Thanks for the feedback. Any issues with the battery backup? I have read a few reviews saying the battery backup is unnecessary and is a headache when the battery dies and has to be replaced because it is a special battery.


----------



## Burksee (Jan 15, 2003)

Battery back up? Unless you're like me and don't always carry a house key coming home when the powers out can be a son of gun! LOL!

BTW - I have a 20 year old Craftsman/Chamberlain 1/2 hp chain drive on a similar size door as yours. Other than an occasional light bulb I have had to change the plastic gears on the sprocket shaft a couple of times but I think the wear and tear on them was from when the door freezes to the floor now and again.


----------



## FREEPOP (Apr 11, 2002)

Burksee said:


> Battery back up? Unless you're like me and don't always carry a house key coming home when the powers out can be a son of gun! LOL!


Put these on your house and never have to carry a key again.
You can also put in temporary access numbers for service people to let themselves in.
It runs off a 9 volt battery and ours is probably 3 years old and still working on the same battery.


----------



## d_rek (Nov 6, 2013)

Honestly I might try to buy one without battery backup and wi-fi connectivity.

IMO connected homes are dumber than those that aren't. Maybe in 10 years they will be better than they are but if my internet goes out I certainly don't want to be able to not use my garage door opener.

As for the battery backup i'm mostly concerned that all the battery backups in the units use a proprietary battery from the manufacturer (at least the liftmaster does). What happens when in 5 years the battery fails and I have to get a new one but oops... manufacturer no longer makes that particular battery for my opener? It's a special manufacturer order part. If it was something I could buy off-the-shelf at the hardware store i'd be less leery of it.


----------



## Burksee (Jan 15, 2003)

FREEPOP said:


> Put these on your house and never have to carry a key again.
> You can also put in temporary access numbers for service people to let themselves in.
> It runs off a 9 volt battery and ours is probably 3 years old and still working on the same battery.

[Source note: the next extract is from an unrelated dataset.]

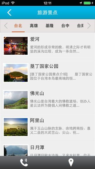 5、旅游景点:本应用利用列表的形式清晰的展示出台湾旅游的最新详细讯息;

I think your talking about a remote key pad? We've got one, uses a 9v battery as mentioned. The problem is when the power goes out nothing electrical works. They have garage door openers like sump pumps that will run off a remote battery in the event of a power outage.


----------



## Burksee (Jan 15, 2003)

d_rek said:


> Honestly I might try to buy one without battery backup and wi-fi connectivity.
> 
> IMO connected homes are dumber than those that aren't. Maybe in 10 years they will be better than they are but if my internet goes out I certainly don't want to be able to not use my garage door opener.
> 
> As for the battery backup i'm mostly concerned that all the battery backups in the units use a proprietary battery from the manufacturer (at least the liftmaster does). What happens when in 5 years the battery fails and I have to get a new one but oops... manufacturer no longer makes that particular battery for my opener? It's a special manufacturer order part. If it was something I could buy off-the-shelf at the hardware store i'd be less leery of it.

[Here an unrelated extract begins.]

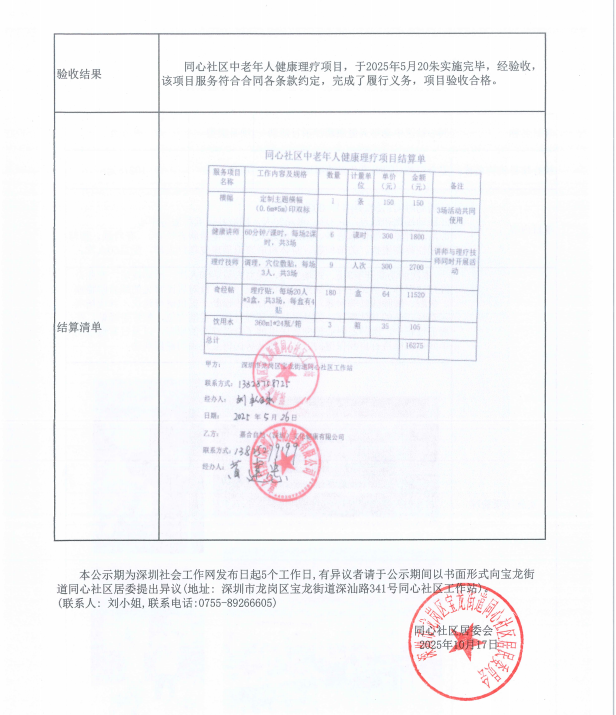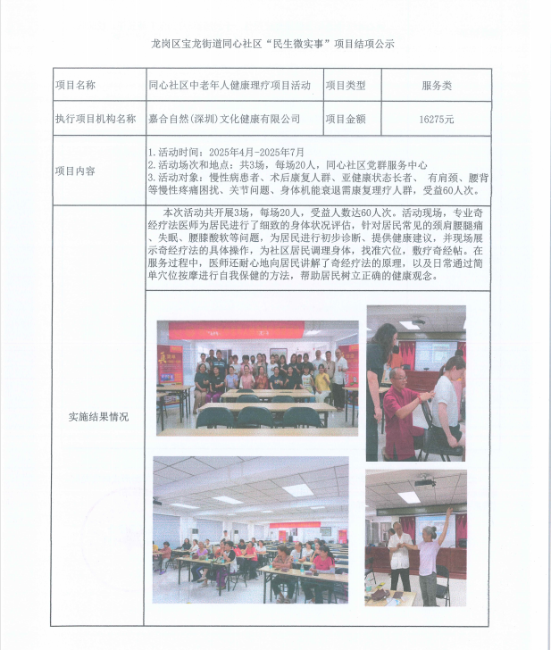 项目公示|龙岗区宝龙街道同心社区2025年中老年人健康理疗项目活动“民生微实事”项目结项公示

99% of all batteries in stuff like this can be found on the internet, and most of the time very reasonably priced. I even found one to rebuild my 15 year old Coleman jump box!


----------



## d_rek (Nov 6, 2013)

Burksee said:


> I think your talking about a remote key pad? We've got one, uses a 9v battery as mentioned. The problem is when the power goes out nothing electrical works. They have garage door openers like sump pumps that will run off a remote battery in the event of a power outage.


Yes it's a backup for the opener motor for when the power goes out.


----------



## FREEPOP (Apr 11, 2002)

Burksee said:


> I think your talking about a remote key pad? We've got one, uses a 9v battery as mentioned. The problem is when the power goes out nothing electrical works. They have garage door openers like sump pumps that will run off a remote battery in the event of a power outage.


No this is for the service door on the pole barn and for the house/garage doors.


----------



## Burksee (Jan 15, 2003)

FREEPOP said:


> No this is for the service door on the pole barn and for the house/garage doors.


Thanks! Will have to do some googling and find one!


----------



## jstfish48162 (Mar 8, 2003)

The battery backup is great when the power goes out.

BUT.....always carry a house key because the opener will not open the door when (not if) you have a spring break. Or have a hide-a-key somewhere on the property.

I have many customers that have found that out the hard way.


----------



## jstfish48162 (Mar 8, 2003)

d_rek said:


> Thanks for the feedback. Any issues with the battery backup? I have read a few reviews saying the battery backup is unnecessary and is a headache when the battery dies and has to be replaced because it is a special battery.


The battery usually lasts 3-5 years....then you will have an annoying audible tone letting you know something is bad. You would either replace the battery ($65 at our shop) or just unplug the battery and use your opener without it.


----------



## JUSTCATCHINUM (Feb 19, 2004)

I replaced mine at about 5 years. Cost about $25. Easy change out.


----------



## bucko12pt (Dec 9, 2004)

Linear openers. 

https://www.linearproaccess.com/garage-door-openers/residential-garage-door-openers/


----------